Cito alguns artistas: no Brasil, temos, por exemplo, Rosana Paulino, que, por meio da experiência estética de suas instalações, gravuras, desenhos, esculturas e colagens, questiona o papel há muito tempo oprimido da mulher afro-brasileira.
Entre os(as) artistas indígenas, temos, por exemplo, Jaider Esbell, artista visual, escritor e produtor cultural da etnia Makuxi, originário da Terra Indígena Raposa – Serra do Sol, em Roraima. Seu trabalho enleva a arte ameríndia contemporânea, revelando sua cultura e denunciando os ataques contra seu povo e o meio ambiente.
No exterior, temos Nnenna Okore, negra, australiana criada na Nigéria, cuja carreira como artista, pesquisadora e professora concentrou-se na exploração de processos artísticos que estão ligados ao aprendizado, experiências artísticas, consciência ambiental e práticas sustentáveis.
A pintora cubana Harmonia Rosales, que, apropriando-se de obras de arte clássicas, levanta questionamentos decoloniais e, por meio de pinturas e colagens, reelabora versões dessas obras históricas colocando mulheres negras no centro de suas visualidades.

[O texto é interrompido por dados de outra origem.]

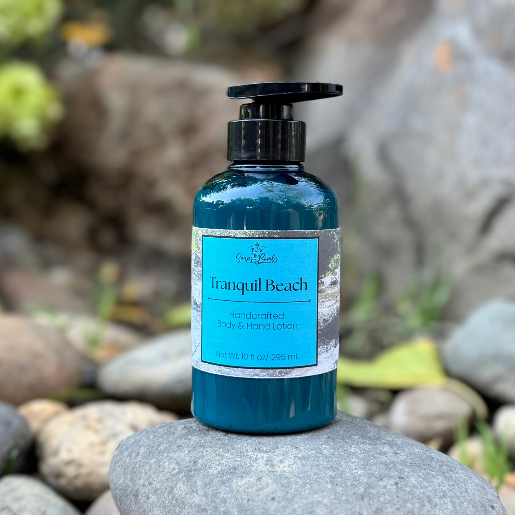 PJ's Tranquil Beach Handcrafted Luxury Body Lotion – Non-Greasy, Moisturizing, Cruelty-Free Skincare, 10 ounces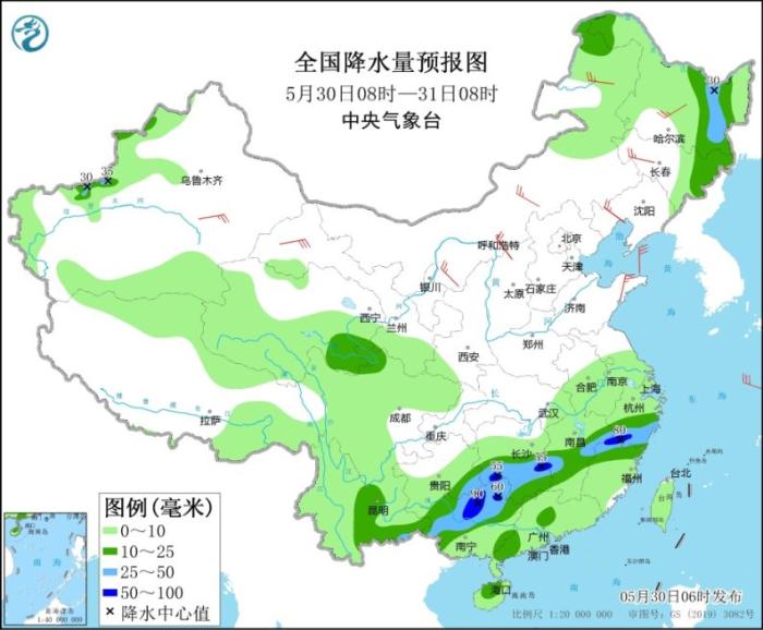 全國(guó)降水量預(yù)報(bào)圖(5月30日08時(shí)-31日08時(shí))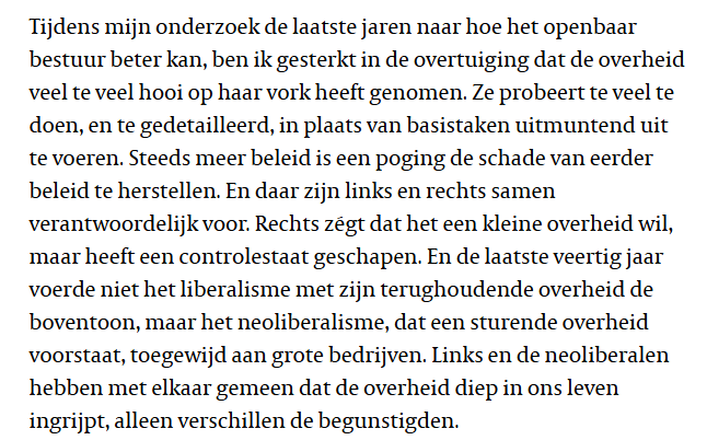 Neem het stuk van Bessems: hij gooit met abstracte termen als een “kleine overheid”, die wenselijk zou zijn. Als je vraagt waarom, komt hij vast met allemaal filosofen en artikelen waarom het “moreel wenselijk” is om een beperkte overheid (en ongebonden kapitalisme) te hebben.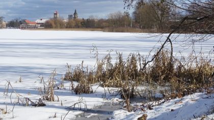 Zima co najmniej teoretycznie jeszcze trwa i mimo wiosennego od pewnego momentu klimatu w miniony weekend przypomniała o swoim istnieniu. Kierowcy musieli poświęcić w sobotę trochę czasu na poranne odśnieżenie pojazdów. Choć białego puchu spadło tak naprawdę niewiele, tu i ówdzie oczyszczono drogi i chodniki – nawet na cmentarzu (fot. 7), który wyglądał, jakby zima wcale jeszcze nie odeszła. Parę godzin później słońce zrobiło swoje, ale w wielu miejscach biel się utrzymała. Ciekawie prezentowała się ścieżka wokół większego ze szczycieńskich jezior. Na odcinkach miejskich trasy były zasadniczo suche, jednak na wysokości Kamionka czy Korpel śnieg leżał w najlepsze (fot. 8). Biała stała się w całości tafla naszego akwenu (fot. 9). Wprawdzie nie dostrzegliśmy nikogo łowiącego ryby na środku jeziora czy próbującego sobie robić sobie spacery po lodzie, ale w paru miejscach przy brzegu ślady wskazywały, że jacyś odważni ktosie sprawdzali wytrzymałość pokrywy. Wpadnięcie do jeziora dwa metry od brzegu utonięciem może nie grozi, ale tej formy zaspokajania swojej ciekawości nie polecamy.

Sem me esquecer de Arthur Timóteo da Costa, um dos precursores do modernismo no Brasil, Lois Mailou Jones (EUA), Maxwell Alexandre, artista plástico nascido na Rocinha (RJ) que participou da Mostra Histórias Afro-Atlânticas, no Museu de Arte de São Paulo (2018), a paulistana Renata Felinto, Maria Auxiliadora da Silva, artista autodidata que participou da Bienal de 2018, entre tantos outros nomes. Isso se nos restringirmos às artes visuais. Mas não podemos esquecer que corpos negros artísticos também estão na dança, música e teatro, mas ainda são, assim como em todas as esferas sociais, discriminados e subjugados em razão da pintura natural de sua pele.